### Task statement
For this exercise, retype the lines from the one that holds "- 【What you" through the one that holds "L’appuntamento è per Martedì" in the records below, both included, exactly and without pictures.

### Input data
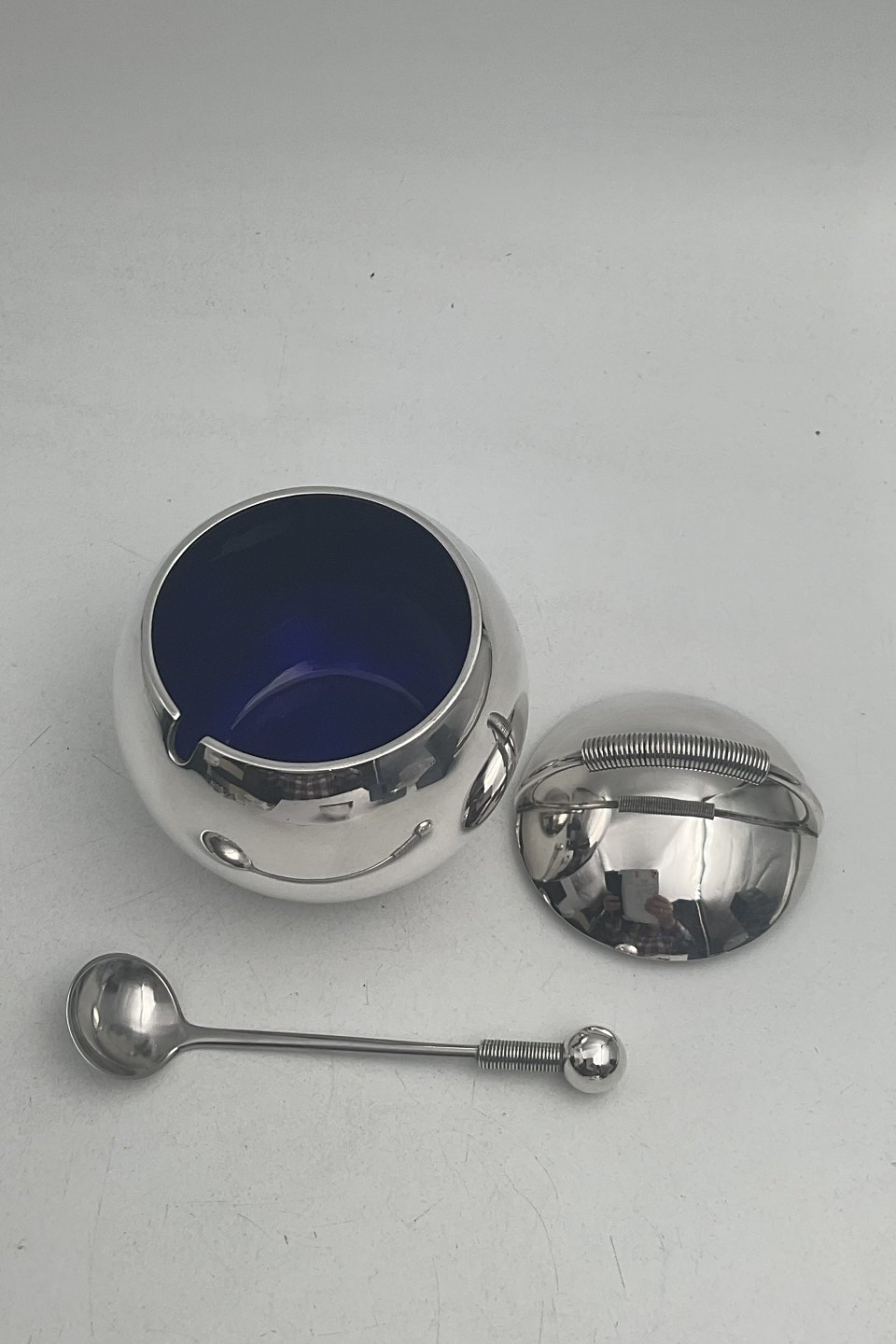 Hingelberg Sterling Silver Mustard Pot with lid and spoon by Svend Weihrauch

* * *

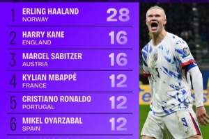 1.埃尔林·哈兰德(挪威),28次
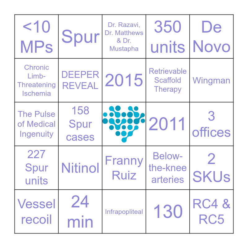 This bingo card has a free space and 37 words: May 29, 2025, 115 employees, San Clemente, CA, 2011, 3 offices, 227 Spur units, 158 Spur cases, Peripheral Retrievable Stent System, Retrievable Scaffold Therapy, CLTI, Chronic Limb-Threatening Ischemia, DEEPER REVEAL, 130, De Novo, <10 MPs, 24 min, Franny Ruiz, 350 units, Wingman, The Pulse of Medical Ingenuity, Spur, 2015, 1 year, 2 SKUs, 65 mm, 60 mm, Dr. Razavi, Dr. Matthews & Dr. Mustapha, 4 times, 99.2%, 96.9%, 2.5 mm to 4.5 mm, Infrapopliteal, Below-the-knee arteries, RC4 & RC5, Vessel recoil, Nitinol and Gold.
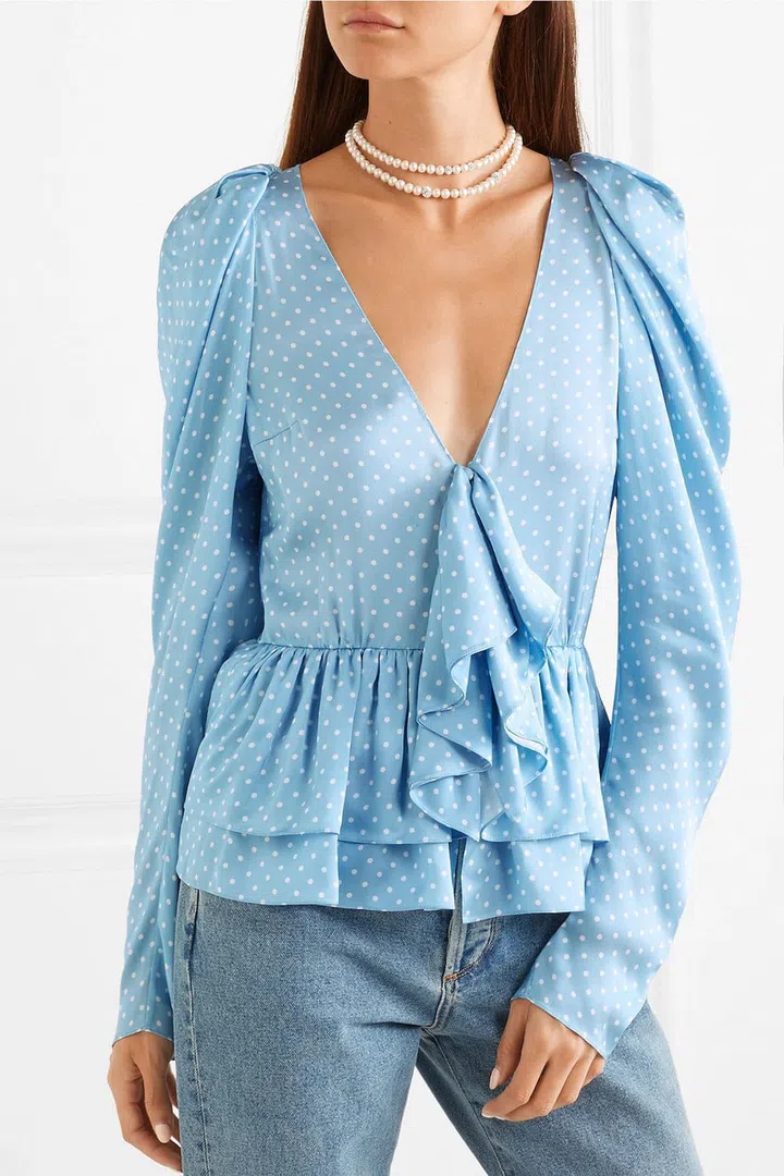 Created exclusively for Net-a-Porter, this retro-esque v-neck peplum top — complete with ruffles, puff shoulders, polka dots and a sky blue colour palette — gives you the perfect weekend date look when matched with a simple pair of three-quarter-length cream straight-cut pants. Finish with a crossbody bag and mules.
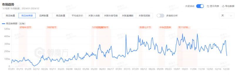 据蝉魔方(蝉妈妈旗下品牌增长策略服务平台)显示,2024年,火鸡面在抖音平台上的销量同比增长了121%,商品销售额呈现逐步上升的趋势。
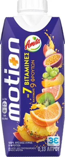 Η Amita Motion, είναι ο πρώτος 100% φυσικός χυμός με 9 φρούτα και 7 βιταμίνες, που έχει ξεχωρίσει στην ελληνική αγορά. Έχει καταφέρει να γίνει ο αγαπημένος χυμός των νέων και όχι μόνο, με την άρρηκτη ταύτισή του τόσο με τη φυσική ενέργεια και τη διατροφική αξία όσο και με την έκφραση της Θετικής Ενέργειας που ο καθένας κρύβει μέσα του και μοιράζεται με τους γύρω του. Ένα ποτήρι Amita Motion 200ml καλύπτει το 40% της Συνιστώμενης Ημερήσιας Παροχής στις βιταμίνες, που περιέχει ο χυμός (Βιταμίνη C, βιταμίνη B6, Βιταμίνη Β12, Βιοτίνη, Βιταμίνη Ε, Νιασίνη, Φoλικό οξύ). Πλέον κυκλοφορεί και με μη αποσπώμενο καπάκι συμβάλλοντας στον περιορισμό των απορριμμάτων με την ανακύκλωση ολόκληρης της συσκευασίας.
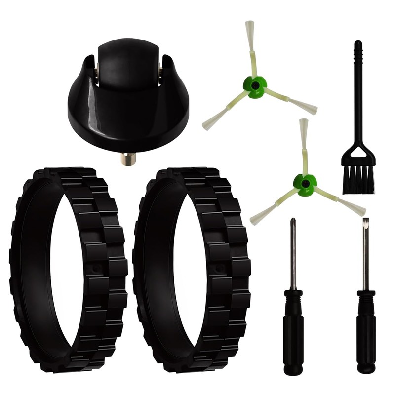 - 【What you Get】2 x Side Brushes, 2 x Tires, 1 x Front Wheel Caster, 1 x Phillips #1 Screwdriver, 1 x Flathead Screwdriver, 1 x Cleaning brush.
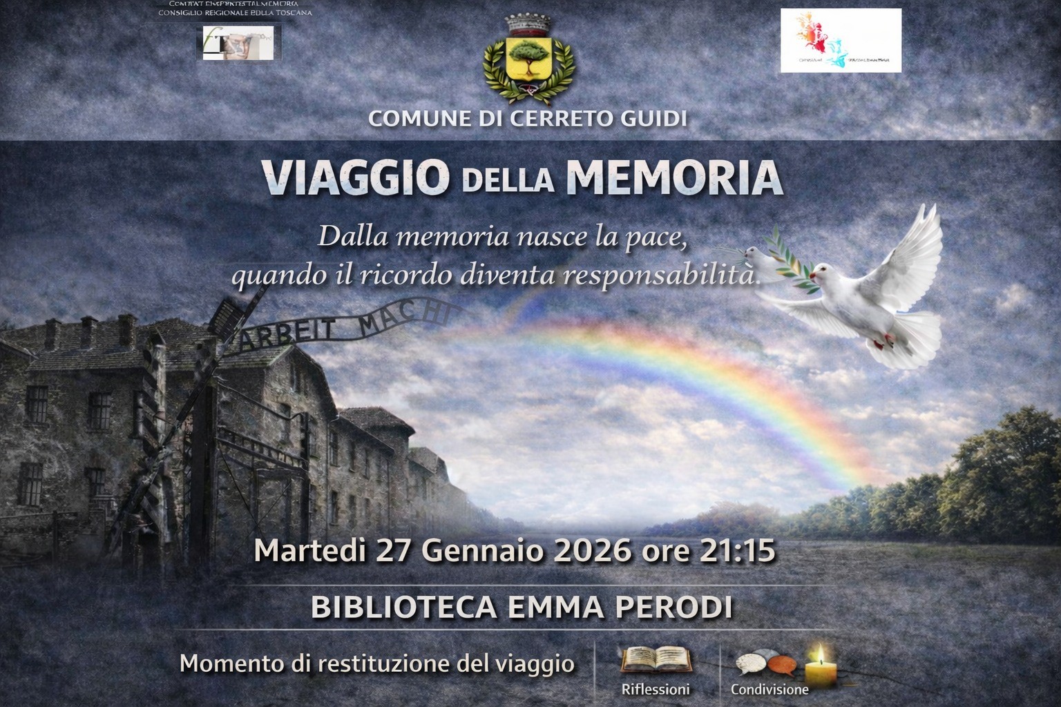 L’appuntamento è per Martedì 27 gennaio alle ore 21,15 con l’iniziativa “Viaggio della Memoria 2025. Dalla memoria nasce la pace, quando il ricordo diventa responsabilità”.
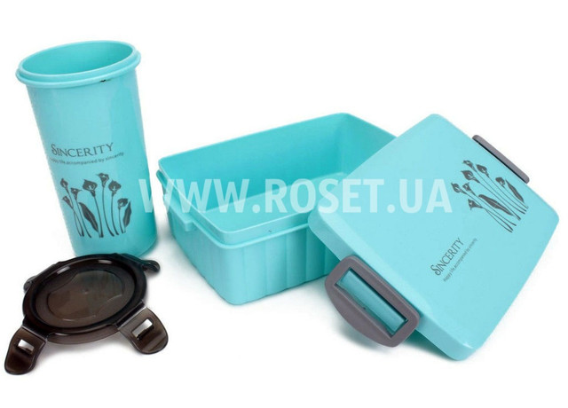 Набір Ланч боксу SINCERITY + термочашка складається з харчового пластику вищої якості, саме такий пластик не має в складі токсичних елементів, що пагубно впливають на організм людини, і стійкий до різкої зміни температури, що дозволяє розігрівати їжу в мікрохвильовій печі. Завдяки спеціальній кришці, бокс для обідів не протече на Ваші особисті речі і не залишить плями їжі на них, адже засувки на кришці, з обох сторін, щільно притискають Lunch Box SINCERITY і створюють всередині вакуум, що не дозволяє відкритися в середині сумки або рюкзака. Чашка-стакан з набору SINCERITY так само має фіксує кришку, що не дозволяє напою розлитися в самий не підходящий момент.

### Solved exercise
 - 【What you Get】2 x Side Brushes, 2 x Tires, 1 x Front Wheel Caster, 1 x Phillips #1 Screwdriver, 1 x Flathead Screwdriver, 1 x Cleaning brush.
 L’appuntamento è per Martedì 27 gennaio alle ore 21,15 con l’iniziativa “Viaggio della Memoria 2025. Dalla memoria nasce la pace, quando il ricordo diventa responsabilità”.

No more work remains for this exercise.